Black Lives Matter Set To Face Off With White Nationalists In Charlottesville

"I am heartbroken that a life has been lost here". He did not provide details.

He told reporters that he had just spoken to Gov.

Nigro says it was "chaos and mayhem" as bodies flew. "President Trump needs to take a break from the golf course and denounce these hate rallies immediately with clear and strong language".

The move comes ahead of a white nationalist rally planned in the small college town to protest plans to remove a statue of Confederate Gen. Robert E. Lee from a city park.

A spokesperson for the University of Virginia Hospital cited one death and at least 35 injured on Saturday afternoon, the violent aftermath of a what appears to be a deliberate attack.

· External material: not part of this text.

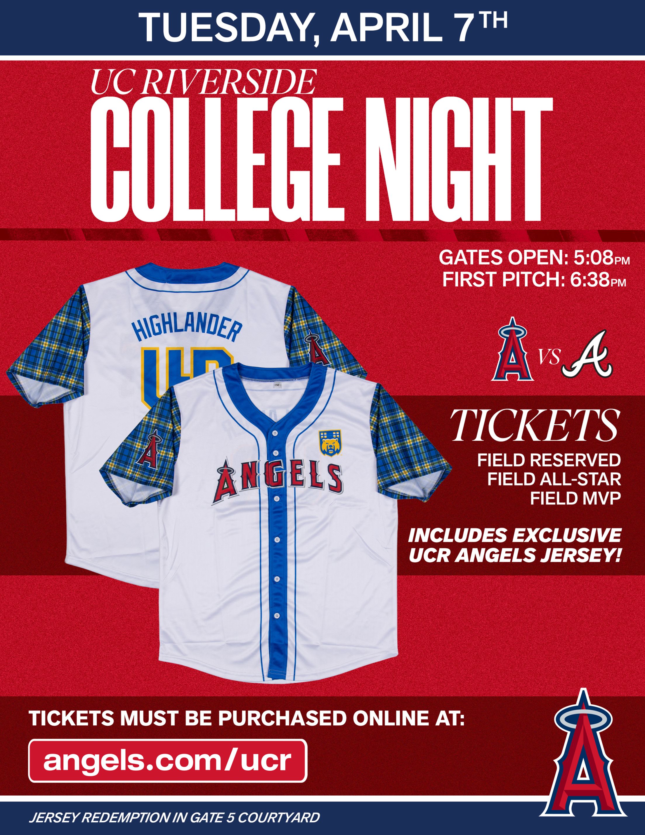 This year’s event features a customized UC Riverside Angels jersey! The ONLY way to receive a UC Riverside jersey is to purchase directly through Angels.com/UCR. As an added bonus, the first 25,000 fans to arrive will receive an Angels bobblehead!

The driver of the vehicle is in custody, a state official told The Associated Press. The city's manager also declared a local emergency and police ordered people to disperse from the area around the statue, according to The Associated Press. Many credit Spencer with popularizing the term "alt-right" as he garnered national media attention after being heard shouting "Hail Trump!" at a white nationalist convention in Washington, D.C., and later, being punched in the face on Inauguration Day while giving an interview.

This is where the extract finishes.